Medical Experts, or Not?
This author has reviewed several representative web sites offering health help. The results are divided into 4 sections, to help reader navigation.
• Part-0: this introduction
• Part-1: Sellers of herbal remedies, non physician
• Part-2: Sellers of herbal remedies, physician
• Part-3: Physicians advising diet & exercise, no pills
• Part-4: Reviewer’s Comments
One of the major topics on the internet and in mass email (aka “spam”) is health, with the major focus on weight loss. The advice ranges from great, through harmless but worthless, to down right dangerous.
If our public education system did a better job of teaching basic biology, chemistry, physics, the worthless and dangerous advice would be harder to peddle.

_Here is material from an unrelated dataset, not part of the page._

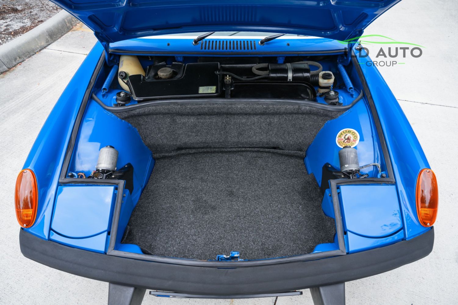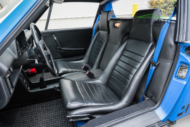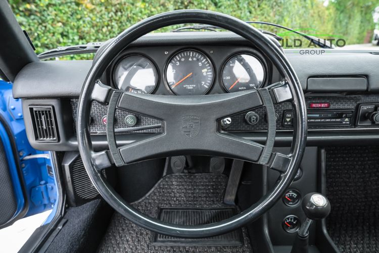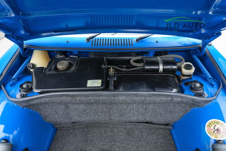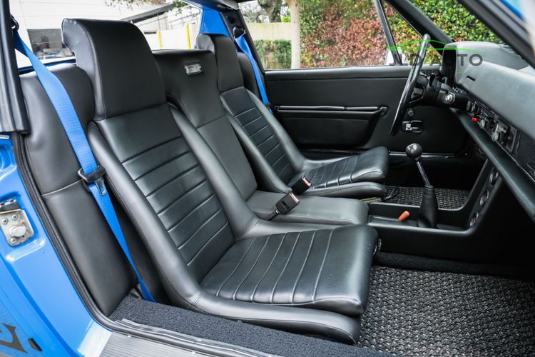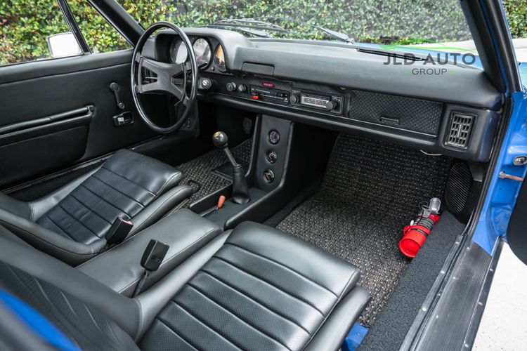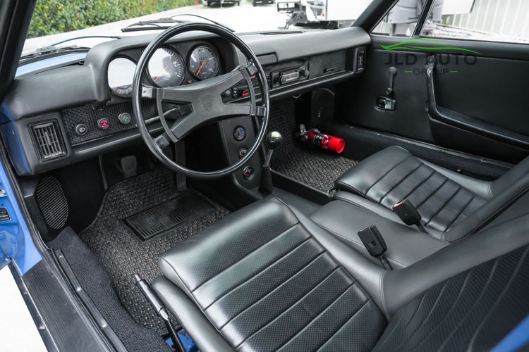 Controllability is refined maximally on this 914, as this car comes equipped with New Brakes, KYB Shocks and Struts at the front, and Bilstein Heavy-duty Shocks for the rear. Front and Rear Powder-coated Sway Bars are also installed. While cornering, occupants are restrained in their seats via Blue Seat Belts--aptly matching the exterior of the car. As for the rest of the interior, its condition is similarly impressive to the rest of the vehicle. Nearly the entire interior is like-new, including the Pillars, Handles, Dash Pad, and Front/Rear Trunk Carpets. Added to the interior are the Gauge Package and Center Console. The Gauges have been cleaned and re-assembled, and New Speakers are installed as well. The vehicle does not have A/C, but does have interior Heat. All weather-stripping is also recently replaced and is like-new. Finishing off the interior are new Coco Floor Mats, as well as a passenger footwell-mounted fire extinguisher.

To avoid being taken in by scam artists, we need to acquire healthy skepticism, and to accept responsibility for our own actions.
Here are a few concepts to be discussed.
* Terms “herbal”, “pure”, “natural”, “alternative medicine” are neither all good nor all bad, but mainstream studies have learned from traditional tonics and foods.
* Herbal preparations are totally unregulated, unless obviously the cause of illness or death, so wild claims are legal.
* Possession of diplomas does not guarantee sound advice, nor are all non degreed people automatically to be ignored.
This 4 part series is intended to give useful examples of how to select from proclaimed “experts.”